**Exercise objective**. Copy each line, word for word, from the one with "नई दिल्ली। नोएडा के" through the final line of the listing, but skip the pictures.

::::::::::

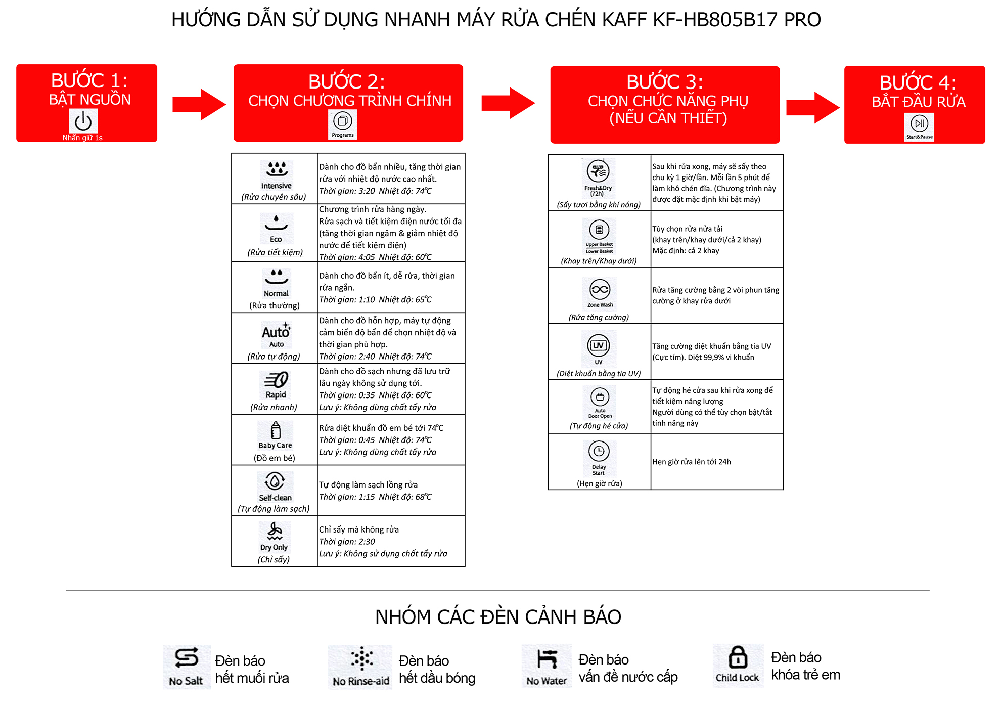 HDSD nhanh máy rửa chén KAFF KF-HB805B17 Pro
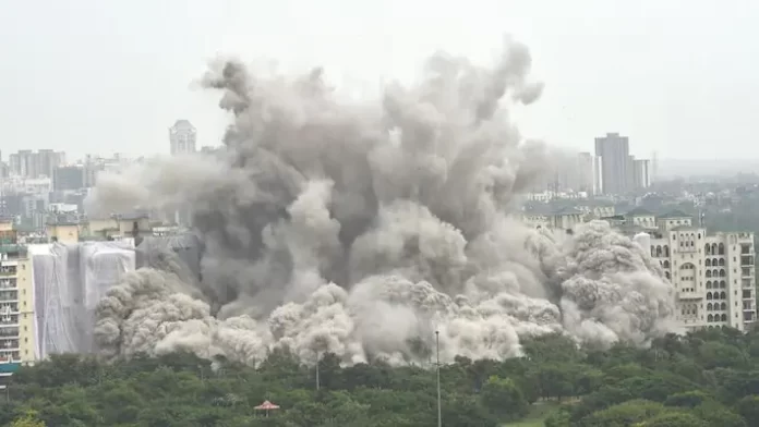 नई दिल्ली। नोएडा के ट्विन टॉवर को गिराने के बाद प्रदूषण के स्तर में कोई बदलाव नहीं आया है। एयर क्वालिटी में कोई बदलाव नहीं दिखा है। नोएडा में 100 मीटर से अधिक ऊंचे सुपरटेक ट्विन टॉवरों को गिराने के पहले और बाद में एक्यूआई और पीएम 10 की निगरानी की गई है। दोनों के स्तर में कोई खास बदलाव नहीं देखा गया है। विशेषज्ञों के मुताबिक टॉवर्स के डिमोलिशन के बाद भी पीएम 10 स्वीकार्य लेवल पर रहा।
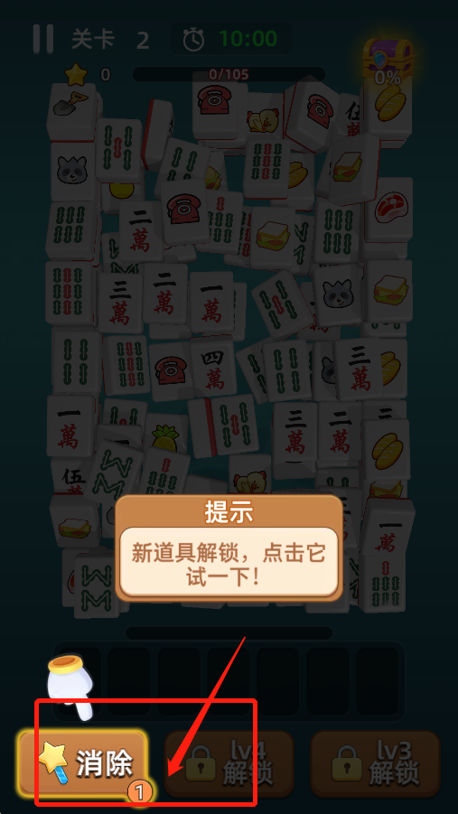 2、移动麻将实现三消:通过移动麻将,将相同图案的麻将组合在一起,实现三消,获得分数。
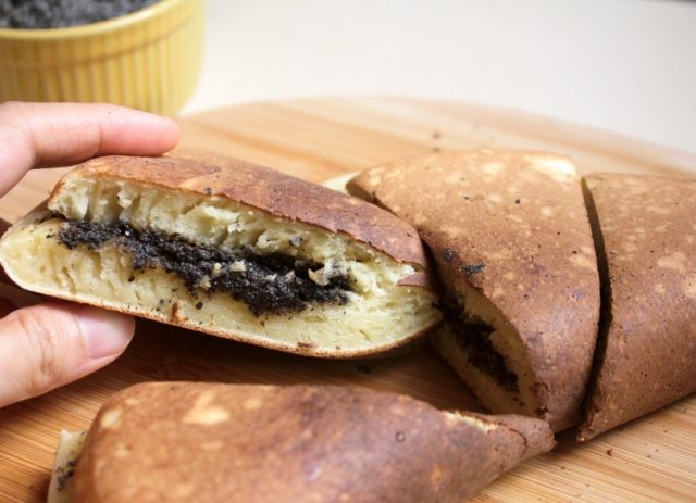 | 外焦內不熟 | 外表黑嚕嚕,裡面麵糊還生的 | 1. 火太大。 2. 只顧煎一面忘了翻。 3. 麵糊倒太厚。 |
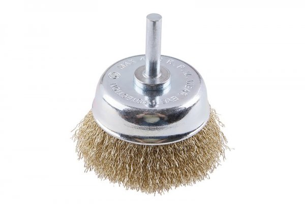 Rotary brush - cup, design: corrugated wire 0.25 mm - brass-plated, diameter 65 mm, shank 6 x 27 mm, galvanized brush body, number of wires: 1512, wire length: 18.5 mm, max. permissible revolutions: 4500 1/ min, use: for polishing, roughening, removing rust and burrs, packaging: blister with euro hole.

::::::::::

**Exercise result**.
 नई दिल्ली। नोएडा के ट्विन टॉवर को गिराने के बाद प्रदूषण के स्तर में कोई बदलाव नहीं आया है। एयर क्वालिटी में कोई बदलाव नहीं दिखा है। नोएडा में 100 मीटर से अधिक ऊंचे सुपरटेक ट्विन टॉवरों को गिराने के पहले और बाद में एक्यूआई और पीएम 10 की निगरानी की गई है। दोनों के स्तर में कोई खास बदलाव नहीं देखा गया है। विशेषज्ञों के मुताबिक टॉवर्स के डिमोलिशन के बाद भी पीएम 10 स्वीकार्य लेवल पर रहा।
 2、移动麻将实现三消:通过移动麻将,将相同图案的麻将组合在一起,实现三消,获得分数。
 | 外焦內不熟 | 外表黑嚕嚕,裡面麵糊還生的 | 1. 火太大。 2. 只顧煎一面忘了翻。 3. 麵糊倒太厚。 |
 Rotary brush - cup, design: corrugated wire 0.25 mm - brass-plated, diameter 65 mm, shank 6 x 27 mm, galvanized brush body, number of wires: 1512, wire length: 18.5 mm, max. permissible revolutions: 4500 1/ min, use: for polishing, roughening, removing rust and burrs, packaging: blister with euro hole.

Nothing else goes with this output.